20th-century Ukrainian art collective

Verbovka or Verbovka Village Folk Center was an artisan cooperative in the village of Verbovka founded by Natalia Davidova in the Ukrainian province of Kyiv. Natalia Davidova, one of the founders and the head of the Kyiv Folk Center, was an Avant-garde artist descended from the ancient Ukrainian Hudim-Levkovichis family (Russian philosopher Nikolai Berdyaev was her cousin and artist Nina Genke-Meller was his sister-in-law). The beginning of the cooperation of Natalia Davidova and Nina Genke-Meller originated not just from their family relations. They both were keen on folk art and were devoted to the idea of implementation of Avant-garde artistic principles into practice of amateur goods. In 1915 Nina Genke became a head and chief artist of Natalia's Davidova Folk Center in Verbovka village. N.Davidova involved Nina Genke in "promoting " folk thing's production in accordance with the sketchers of famous Avant-garde artists. The members of the Supremus group started to cooperate very actively.
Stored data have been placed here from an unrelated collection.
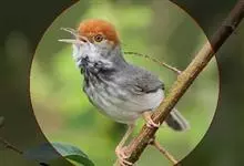 黑喉缝叶莺:体长11.5厘米,是一种小型的顶冠棕色、腹部白色的莺。尾甚长而常上翘,臀黄色,具特征性的偏黑色喉,上体橄榄绿色,头侧灰色。雌鸟色暗,头少红色且喉少黑色。与长尾缝叶莺的区别在后顶冠亦为棕色,…全部>>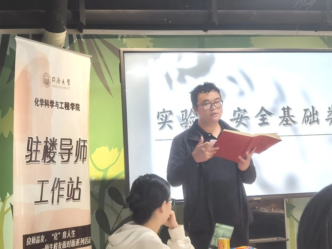 活动伊始,母老师对各位同学的到来表示欢迎,并做了三方面的介绍。首先,他回顾了“驻楼导师工作站”从2020年秋季学期至今的建设情况,从“课题组思政进社区”到“专业志趣引领”,再到现如今的“学业帮扶在社区”,导师讲解范围十分广泛、也覆盖了多个学院的同学。其次,他讲到学院近几年毕业去向落实率情况,提醒同学们在校期间抓住学业重点,提升自己的能力;引导同学们树立正确的就业观,早日考虑好自己未来的去向并为之做出努力。最后,他分析并强调了实验基础技能在化学学习中的重要性,揭示到有时候他山之石,也可攻玉,遇到问题除了救助于己之外还可以求助于朋辈的力量。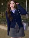 Merrilee 女士针织开衫,修身不对称荷叶边领短款毛衣内衣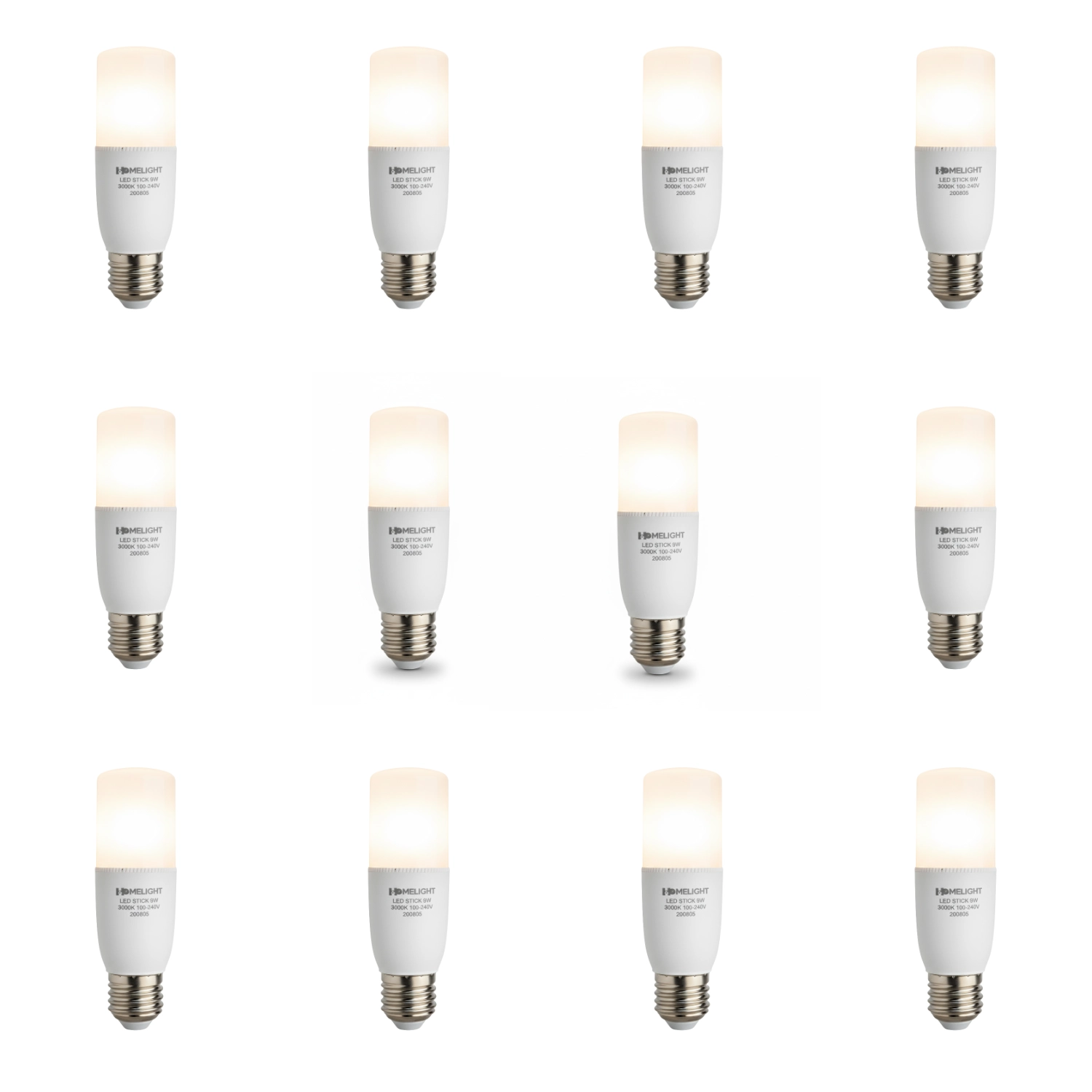 12 Pack Bombillo Tipo Stick, 9W, Rosca E27, 3000K, HomeLight

Between 1915 and 1916 many Suprematist artists such as Kazimir Malevich, Aleksandra Ekster, Nina Genke-Meller, Nadezhda Udaltsova, Liubov Popova, Olga Rozanova, Ivan Puni, Ksenia Boguslavskaya, Ivan Kliun and others worked with peasant artisans at the cooperative. In November 1915 N.Davidova, together with A.Ekster and N.Genke, arranged an Exhibition of Modern Decorative Art of the South of Russia in Lamersie Moscow Gallery. There they represented the village ladies' works who studied decorative art in Verbovka and Skoptsi's schools, as well as carpets, pillows, shawls and belts made in accordance with sketches of Popova, Malevich, Davidova, Genke, Ekster, Puni, Kliun, Pribilskaya, Yakulov, Rozanova, Vasilieva, Boguslavskaya and others. The exhibition received broad publicity in the press. In 1917 Davidova and Genke arranged the Second Exhibition of Modern Decorative Art in Moscow in Mikhailava's Saloon.